Prior research has suggested that aluminum exposure can promote oxidative stress, a type of cellular damage that has been linked to the development and progression of Parkinson’s. Here, the scientists analyzed gene expression levels — essentially, the extent to which genes are “turned on or off” — for 10 Parkinson’s-related genes in the fishes’ brains.

Results showed that aluminum exposure increased the expression for all 10 genes, though there was some variability in timing and expression changes among the individual genes.

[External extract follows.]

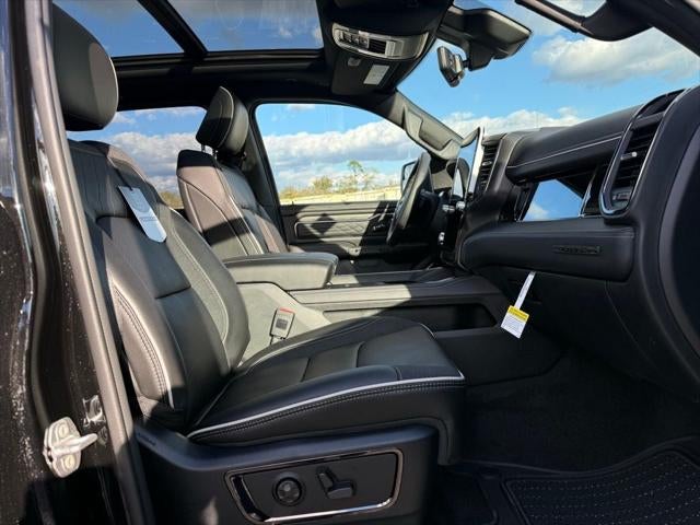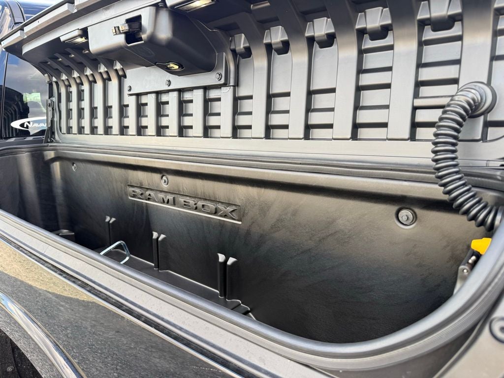 Limited Level An Equipment Group (12-Way/1-Way Trailer Connector, 14.4 Touchscreen Display, 240 Amp Alternator, 4G LTE Wi-Fi Hot Spot, Apple CarPlay, Connected Travel and Traffic Services, Connectivity - US/Canada, Disassociated Touchscreen Display, Drowsy Driver Detection, Evasive Steer Assist, Exterior 115V AC Outlet, Global Telematics Box Module, Google Android Auto, GPS Antenna Input, GPS Navigation, Hands-Free Active Driving Assist System, HD Radio, Heads-Up Display, Integrated Center Stack Radio, Integrated Voice Command with Bluetooth®, Intersection Collision Assist System, LED CHMSL Lamp, Radio: Uconnect 5 Nav with 14.4 Display, RamBox Cargo Management System, SiriusXM Radio Service, SiriusXM with 360L, Smartphone as a Key Capable, Surround View Camera System, Traffic Sign Recognition, Tri-Fold Tonneau Cover, and USB Host Flip), Night Edition (Accent Color Door Handles, Accent Color Premium Power Mirrors, Accent Color Tailgate Handle, Auto Power-Folding Mirrors, Auto-Dimming Exterior Driver Mirror, Black Day Light Opening Moldings, Black Exterior Truck Badging, Black Grille Surround Texture 7 Black, Black Headlamp Bezels, Black Painted Exterior Mirrors Caps, Black Tail Lamp Bezels, Body Color Front Bumper, Body Color Rear Bumper with Step Pads, Convex Wide-Angle Exterior Mirror Insert, Dual Exhaust with Black Tips, Exterior Mirrors Courtesy Lamps, Exterior Mirrors with Heating Element, Exterior Mirrors with Memory, Exterior Mirrors with Supplemental Signals, Pirelli Brand Tires, RAM Grille Badge - Black, Sport Performance Hood, and Wheels: 22 x 9 Premium Black Aluminum), Quick Order Package 22M Limited, 19 Speakers, 3.92 Rear Axle Ratio, 4-Wheel Disc Brakes, ABS brakes, Active Noise Control System, Adjustable pedals, Air Conditioning, Alloy wheels, AM/FM radio, Apple CarPlay/Android Auto, Audio memory, Auto High-beam Headlights, Auto-dimming door mirrors, Auto-dimming Rear-View mirror, Auto-leveling suspension, Automatic temperature control, Bodyside moldings, Brake assist, Bumpers: chrome, Chrome Exterior Mirrors, Compass, Delay-off headlights, Dome Dual LED Reading Lamp, Driver door bin, Driver vanity mirror, Dual front impact airbags, Dual front side impact airbags, Dual-Pane Panoramic Sunroof, Electronic Stability Control, Exterior Parking Camera Rear, Front anti-roll bar, Front Bucket Seats, Front Center Armrest w/Storage, Front dual zone A/C, Front fog lights, Front License Plate Bracket, Front reading lights, Front wheel independent suspension, Fully automatic headlights, Garage door transmitter, Genuine wood console insert, Genuine wood dashboard insert, Genuine wood door panel insert, Heated door mirrors, Heated front seats, Heated rear seats, Heated steering wheel, Illuminated entry, Leather steering wheel, LED Dome/Reading Lamp, Low tire pressure warning, Memory seat, MyFlexCare Service Plan, Navigation System, Occupant sensing airbag, Outside temperature display, Overhead airbag, Overhead console, Panic alarm, Passenger door bin, Passenger vanity mirror, Pedal memory, Power door mirrors, Power driver seat, Power passenger seat, Power steering, Power windows, Premium Quilted Leather Bucket Seats, Radio data system, Radio: Uconnect 5 Navigation with 12.0 Display, Rain sensing wipers, Rear anti-roll bar, Rear reading lights, Rear seat center armrest, Rear step bumper, Rear window defroster, Remote keyless entry, Security system, Speed control, Split folding rear seat, Steering wheel mounted audio controls, Tachometer, Telescoping steering wheel, Tilt steering wheel, Traction control, Trip computer, Turn signal indicator mirrors, Variably intermittent wipers, Ventilated front seats, Ventilated rear seats, Voltmeter, and Wheels: 20 x 9 Premium Paint/Polished.

“In the light of the results of the previous study regarding the oxidative state of the brain of [aluminum]-exposed zebrafish, the main marker genes of parkinsonism were evaluated, and it was found that the expression of all the genes considered was altered by [aluminum]-treatment,” the scientists concluded.

The team added that “gene expression data do not provide a complete picture of the link between [aluminum]-exposure and the onset of [Parkinson’s], which needs further investigation; however, they support and confirm the ability of [aluminum] to have a neurotoxic action and a role in activating neurodegeneration.”